New Delhi: In his first comments after stepping down as Reserve Bank Governor last year, Urjit Patel has warned against nudging public sector banks to mass-scale lending and pump prime the economy, claiming it has the potential to flare up the non-performing asset (NPA) situation again.

Addressing an event in Stanford University on June 3, Patel listed out areas of concern for the country’s banking sector, including high non-performing assets (NPAs) especially at state-run lenders, and current capital buffers being ‘overstated’ and being insufficient to tackle the huge stress.

Patel, in the presentation, blamed stakeholders such as the government, lenders and regulator for failure to play their role in checking the NPA situation. “How did we get here? Plenty of blame to go around! Prior to 2014, all stakeholders failed to play their role adequately. Banks, the regulator and government,” he stated.

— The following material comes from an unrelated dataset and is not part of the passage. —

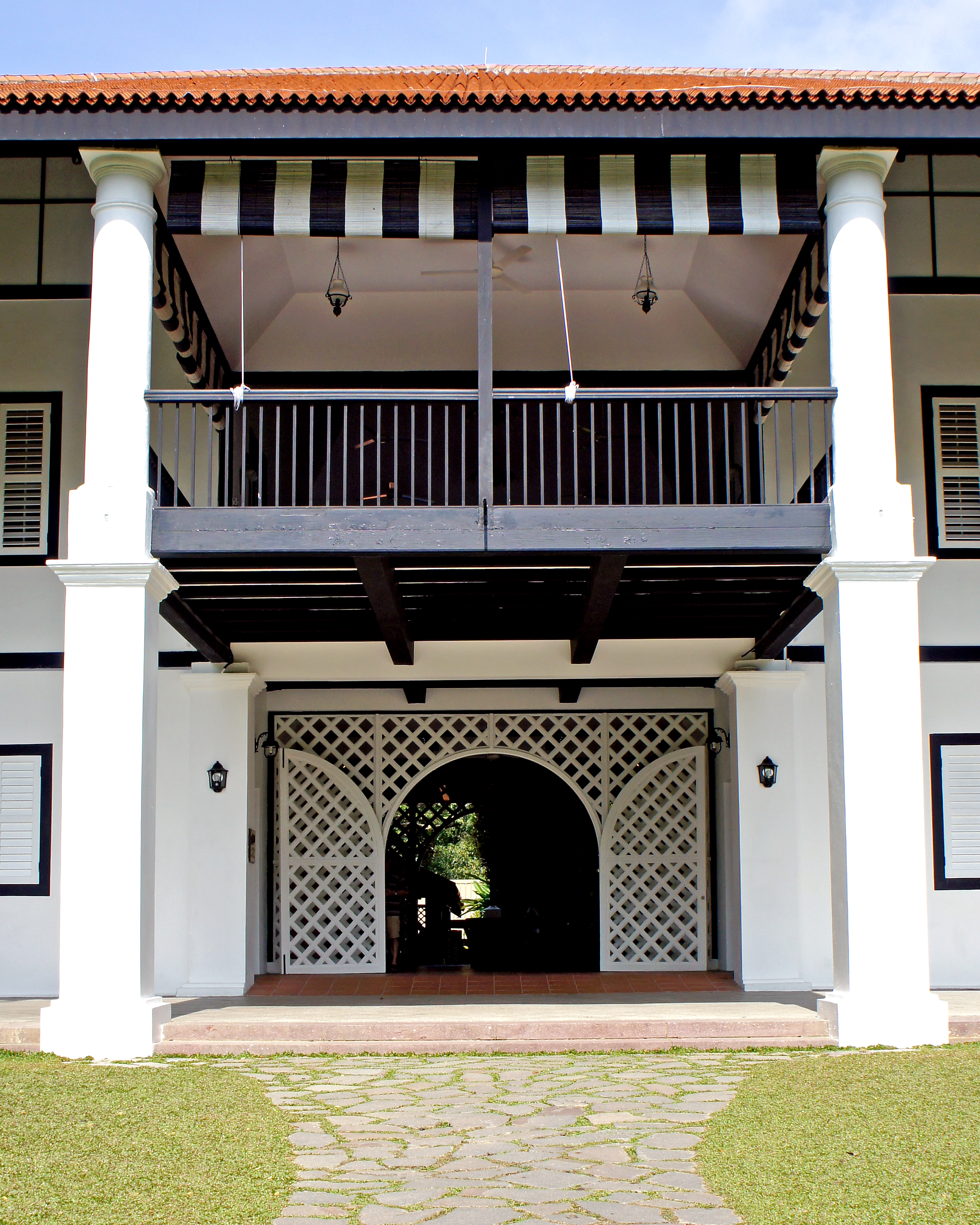 Burkill Hall in Singapore Botanic Gardens, originally name the Director's House, renamed to honor Isaac and Humphrey Burkill who were directors of Singapore Botanic Gardens.

He said that banks applied ‘very little risk analysis’ and management in sifting good from bad assets.

On the regulator’s part, Patel said it should have acted earlier on the issue, whereas the “government did not fully play its role as principal shareholder and manager of economy’s health”.

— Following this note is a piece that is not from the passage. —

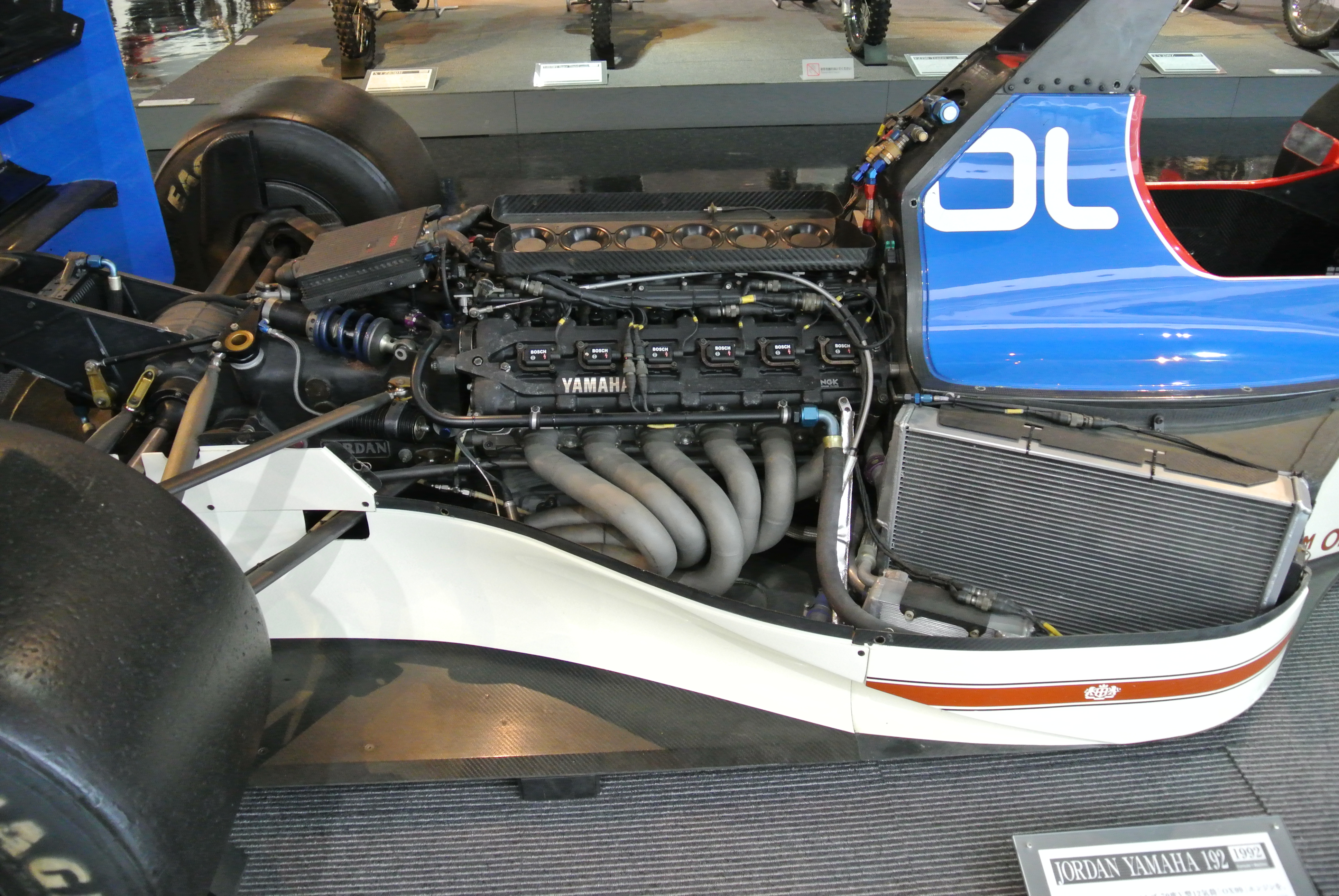 1992 Jordan Yamaha 192 OX99 engine

“Short-cuts or sweeping the problem under the carpet is unlikely to work; will only delay unlocking of capital, and come in the way of financing future investment efficiently,” he added.

Last year on December 10,  Patel had resigned with immediate effect, citing ‘personal reasons’.”On account of personal reasons, I have decided to step down from my current position effective immediately,” Patel had said in a brief statement released by the RBI.

Patel had taken charge as Governor on September 4, 2016, for a three-year term, following Raghuram Rajan’s decision not to seek a second term which had almost become the norm with earlier Governors.